Both mbuf and mbuf_packet will print the same stats for the "mbuf" keg.

I had to preprocess and dup the name because we make zones with duplicate names and use illegal characters for sysctl. This means that it is really a human targeted interface.

I have not yet added any writable controls. Presumably you could update limit policies, bucket sizes, or whatever you like for experimentation. I also think we need some more stats. At one point I had counters for fast path vs slow path allocs etc.

Diff Detail

Lint
Lint Passed
Unit
No Test Coverage
Build Status
Buildable 27821
Build 26000: arc lint + arc unit

Event Timeline

jeff added reviewers: markj, kib, glebius, gallatin.
jeff set the repository for this revision to rS FreeBSD src repository - subversion.
sys/vm/uma_core.c
1852

I could break this up into multiple functions but it would serve no real purpose other than style.
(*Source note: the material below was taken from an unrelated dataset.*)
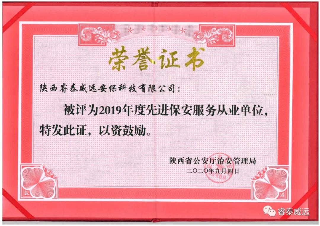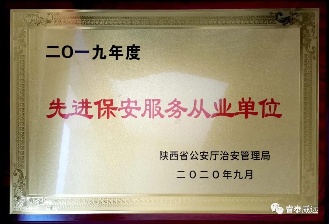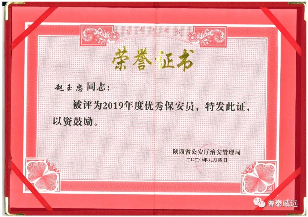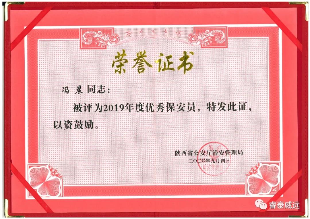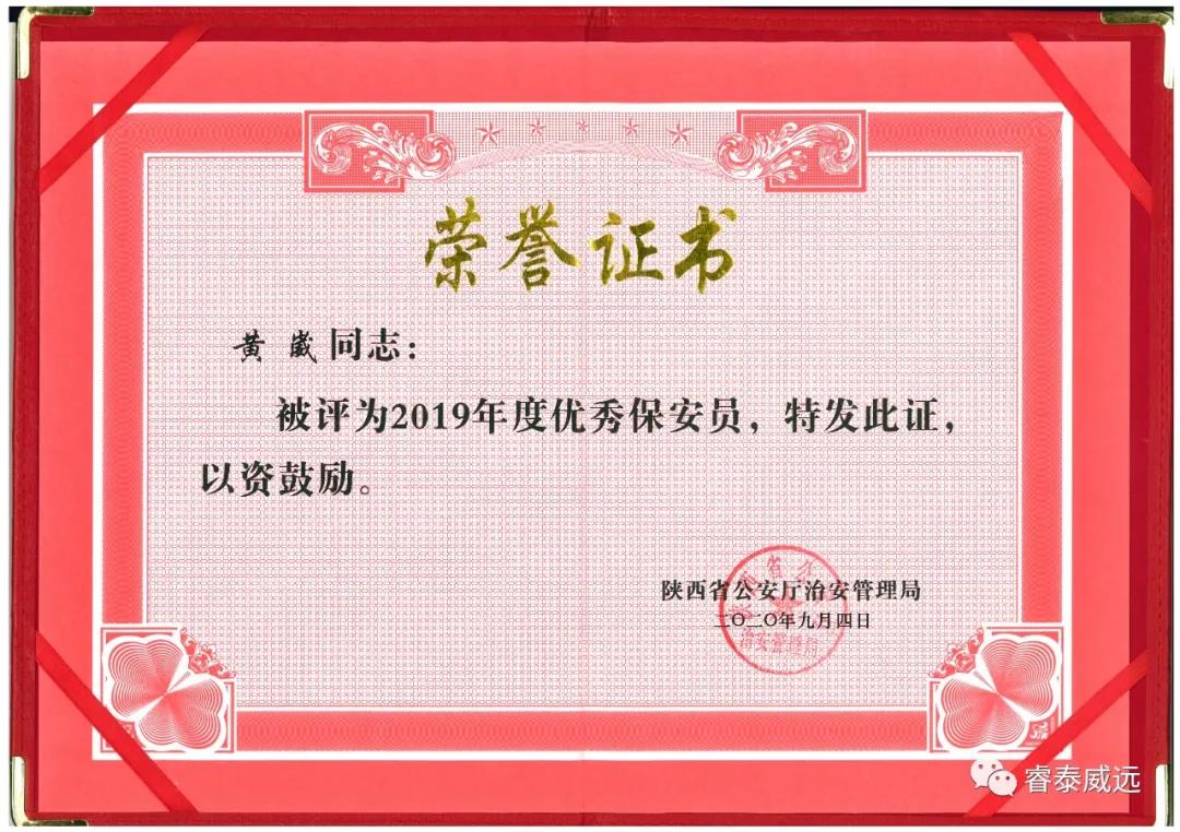 陜西睿泰威遠安保科技有限公司榮獲“2019年度先進保安服務(wù)從業(yè)單位”稱號;公司總經(jīng)理黃崴、人防事業(yè)部大隊長趙玉忠、馮晨被評為全省優(yōu)秀保安員。

It is inherently very linear and verbose.

1870

I think this needs to be +2. +1 for underscore and + 1 for null terminator.

sys/vm/uma_int.h
342

I renamed this because it confused even me.

sys/vm/uma_core.c
263–264

It might have been nicer to have both, avoiding ugly unused params.

static void zone_foreach(void (*zfunc)(uma_zone_t));
static void zone_foreach_arg(void (*zfunc)(uma_zone_t, void *), void *);
614

May want to add __unused ? Etc below.

1875–1883

This scheme has a couple problems:

  • The name count algorithm doesn't munge the names, so we may not have detected a collision earlier, but collide here (e.g. "foo bar" and "foo_bar" collide).
  • The counting also doesn't strictly work:
z1 = zcreate("foo");   // "foo"
z2 = zcreate("foo");   // "foo_2"
zdestroy(z1);
z3 = zcreate("foo");   // "foo_2" (undetected collision)
z4 = zcreate("foo_2"); // "foo_2" (munging again)

These can lead to trying to reuse the sysctl name, which then would lead to a crash in this code.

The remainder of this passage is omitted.